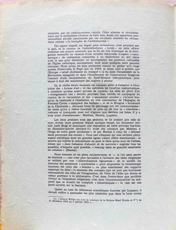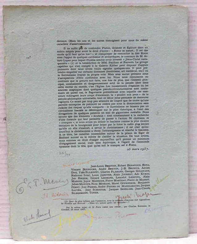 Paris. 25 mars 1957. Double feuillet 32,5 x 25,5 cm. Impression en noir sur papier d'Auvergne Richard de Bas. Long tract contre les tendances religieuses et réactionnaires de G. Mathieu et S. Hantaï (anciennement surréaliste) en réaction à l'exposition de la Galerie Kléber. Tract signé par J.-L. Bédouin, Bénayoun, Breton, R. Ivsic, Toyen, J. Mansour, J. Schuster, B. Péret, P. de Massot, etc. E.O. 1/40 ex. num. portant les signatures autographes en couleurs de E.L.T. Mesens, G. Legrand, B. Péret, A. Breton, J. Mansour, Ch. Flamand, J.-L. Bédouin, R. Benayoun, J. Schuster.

● ● ● ● ● ● ●

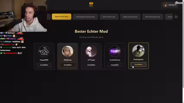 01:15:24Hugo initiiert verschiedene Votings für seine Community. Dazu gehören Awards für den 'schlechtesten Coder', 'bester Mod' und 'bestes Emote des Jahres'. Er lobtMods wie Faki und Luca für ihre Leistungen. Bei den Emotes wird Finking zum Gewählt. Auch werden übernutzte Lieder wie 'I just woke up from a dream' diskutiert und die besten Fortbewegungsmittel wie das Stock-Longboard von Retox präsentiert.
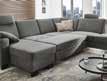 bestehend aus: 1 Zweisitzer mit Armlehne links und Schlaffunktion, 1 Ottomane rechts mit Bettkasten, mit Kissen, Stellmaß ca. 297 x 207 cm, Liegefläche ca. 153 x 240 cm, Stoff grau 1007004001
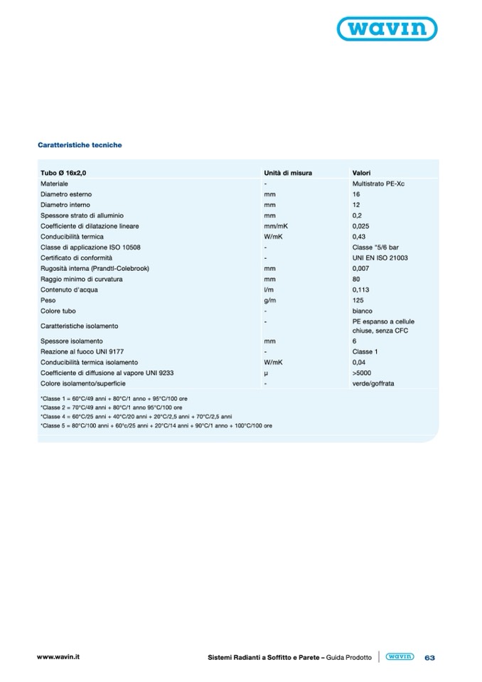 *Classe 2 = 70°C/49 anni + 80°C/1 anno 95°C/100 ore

● ● ● ● ● ● ●

__What the exercise asks__
Among the lines above, the one with "bestehend aus: 1" opens the part to repeat and the one with "anno 95°C/100 ore" closes it; repeat only that part exactly, with no pictures.

__Response to the task__
 bestehend aus: 1 Zweisitzer mit Armlehne links und Schlaffunktion, 1 Ottomane rechts mit Bettkasten, mit Kissen, Stellmaß ca. 297 x 207 cm, Liegefläche ca. 153 x 240 cm, Stoff grau 1007004001
 *Classe 2 = 70°C/49 anni + 80°C/1 anno 95°C/100 ore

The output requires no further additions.